=== Records for processing ===

- - - - -

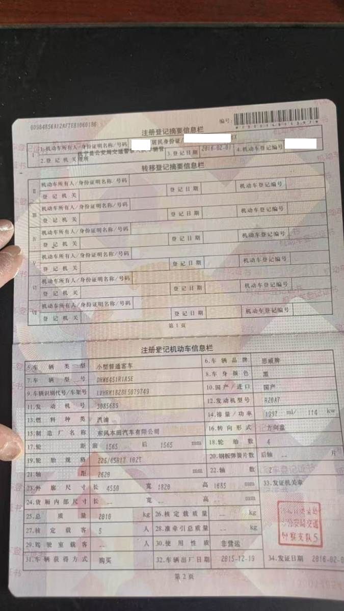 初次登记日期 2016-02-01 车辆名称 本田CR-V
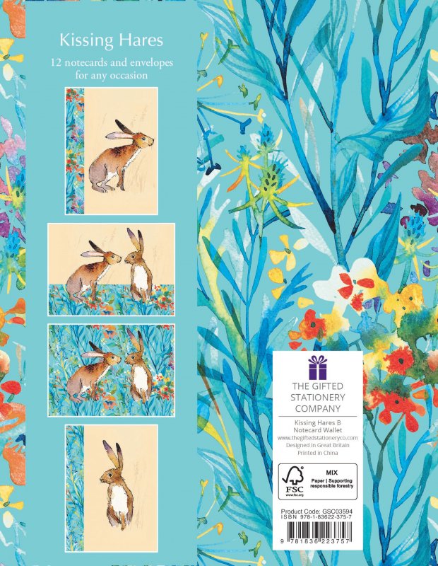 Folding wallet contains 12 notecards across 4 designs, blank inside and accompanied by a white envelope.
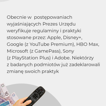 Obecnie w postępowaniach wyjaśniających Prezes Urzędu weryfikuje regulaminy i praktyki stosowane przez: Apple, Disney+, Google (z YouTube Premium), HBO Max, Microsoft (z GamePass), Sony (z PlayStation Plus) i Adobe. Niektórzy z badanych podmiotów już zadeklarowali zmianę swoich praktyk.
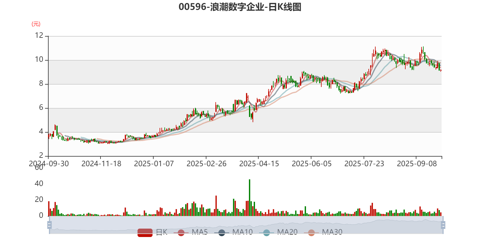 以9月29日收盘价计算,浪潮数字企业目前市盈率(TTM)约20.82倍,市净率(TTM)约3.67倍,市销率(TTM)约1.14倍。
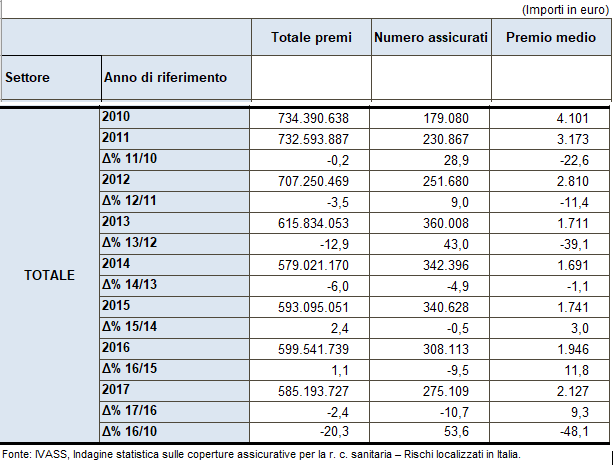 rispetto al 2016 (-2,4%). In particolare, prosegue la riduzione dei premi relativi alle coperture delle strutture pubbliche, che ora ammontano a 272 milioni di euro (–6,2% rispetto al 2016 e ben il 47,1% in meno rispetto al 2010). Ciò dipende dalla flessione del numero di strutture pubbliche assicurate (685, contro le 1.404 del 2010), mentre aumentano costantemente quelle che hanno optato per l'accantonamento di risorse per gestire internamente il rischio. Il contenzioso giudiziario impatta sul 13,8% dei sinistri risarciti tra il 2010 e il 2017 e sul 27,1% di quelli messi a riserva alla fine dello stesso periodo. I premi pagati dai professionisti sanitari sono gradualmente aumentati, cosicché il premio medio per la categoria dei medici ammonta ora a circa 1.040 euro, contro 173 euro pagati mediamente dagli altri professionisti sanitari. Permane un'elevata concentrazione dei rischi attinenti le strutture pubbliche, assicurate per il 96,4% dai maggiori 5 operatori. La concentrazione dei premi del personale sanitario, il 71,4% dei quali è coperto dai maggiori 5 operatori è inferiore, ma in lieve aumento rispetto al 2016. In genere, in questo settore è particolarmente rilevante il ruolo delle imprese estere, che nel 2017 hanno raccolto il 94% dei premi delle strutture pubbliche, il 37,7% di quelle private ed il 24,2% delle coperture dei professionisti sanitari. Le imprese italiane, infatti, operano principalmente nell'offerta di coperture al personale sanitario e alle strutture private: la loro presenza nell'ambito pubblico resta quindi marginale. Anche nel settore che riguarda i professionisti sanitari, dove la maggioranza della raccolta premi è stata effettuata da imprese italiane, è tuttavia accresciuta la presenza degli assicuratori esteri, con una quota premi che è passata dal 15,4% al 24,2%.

- - - - -

=== What the task requires ===
Write out exactly the lines above, from the very first through the line containing "以9月29日收盘价计算,浪潮", both kept, with the pictures removed.

=== Exercise result ===
 初次登记日期 2016-02-01 车辆名称 本田CR-V
 Folding wallet contains 12 notecards across 4 designs, blank inside and accompanied by a white envelope.
 Obecnie w postępowaniach wyjaśniających Prezes Urzędu weryfikuje regulaminy i praktyki stosowane przez: Apple, Disney+, Google (z YouTube Premium), HBO Max, Microsoft (z GamePass), Sony (z PlayStation Plus) i Adobe. Niektórzy z badanych podmiotów już zadeklarowali zmianę swoich praktyk.
 以9月29日收盘价计算,浪潮数字企业目前市盈率(TTM)约20.82倍,市净率(TTM)约3.67倍,市销率(TTM)约1.14倍。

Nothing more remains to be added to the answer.